A propos des affaires locales, il s’avère utile de clarifier le sens du concept «répartition des compétences » distinct du « transfert des compétences ».

Contrairement à ce que d’aucuns estiment, la décentralisation n’est pas synonyme de transfert ou de cession de compétences du pouvoir central aux entités décentralisées. Cette conception de choses étant, à notre avis, le reflet d’une tradition fort encrée de la concentration ou de la centralisation des pouvoirs de l’Etat par une seule institution.

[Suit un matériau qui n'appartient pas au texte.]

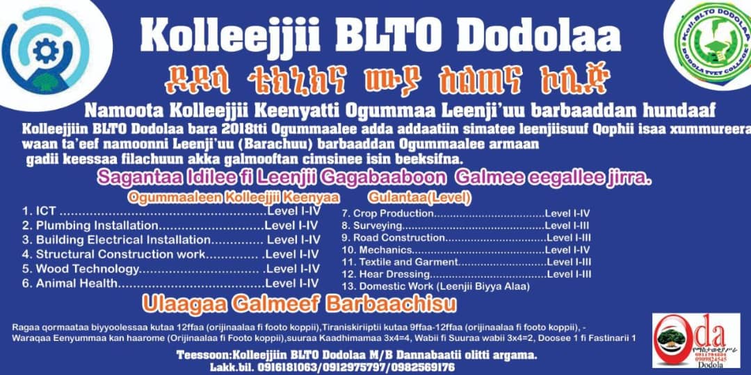 Dodola TVET College announces the opening of admissions for the 2018 E.C. academic year. Interested and qualified applicants may apply in person.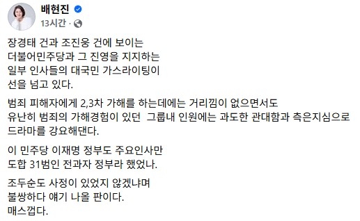 배현진 의원은 8일 자신의 페이스북에 "장경태 건과 조진웅 건에 보이는 더불어민주당과 그 진영을 지지하는 일부 인사들의 대국민 가스라이팅이 선을 넘고 있다"고 말했습니다.

Le transfert ou la cession des compétences suppose un organe qui use de ses prérogatives souveraines pour céder ou reconnaître à un autre qu’il crée, des compétences limitées.

Or, les provinces et les ETD sont des démembrements de l’Etat qui agissent tous en son nom et pour son compte, et aux quelles la constitution et la loi reconnaissent des compétences spécifiques dans une sphère bien déterminée[4].

A cet égard, KABANGE-NTABALA écrit que la fixation de la spécialité locale relève de la compétence exclusive de l’Etat. C’est celui-ci en effet, qui doit dresser la liste des besoins publics à ériger en services publics, en tant que commun à l’ensemble des habitants du territoire et des besoins qui n’intéressent particulièrement qu’un groupe local et qui, à ce titre, doivent être érigés en services publics locaux.

  1. Le principe de la libre administration et l’autonomie de gestion.

L’existence des organes propres de décision, issues de préférence des élections ; c’est ce qu’on appelle l’autonomie organique (1). Celle-ci accompagne la reconnaissance d’une catégorie des  affaires locales, distinctes des affaires nationales. Bien plus, pour son efficacité, la décentralisation doit être complétée par l’autonomie financière (2) qui, à son tour, va de pair avec l’autonomie technique, c.à.d. celle de jouir d’une trésorerie autonome ou d’une séparation d’avec la comptabilité nationale.[5].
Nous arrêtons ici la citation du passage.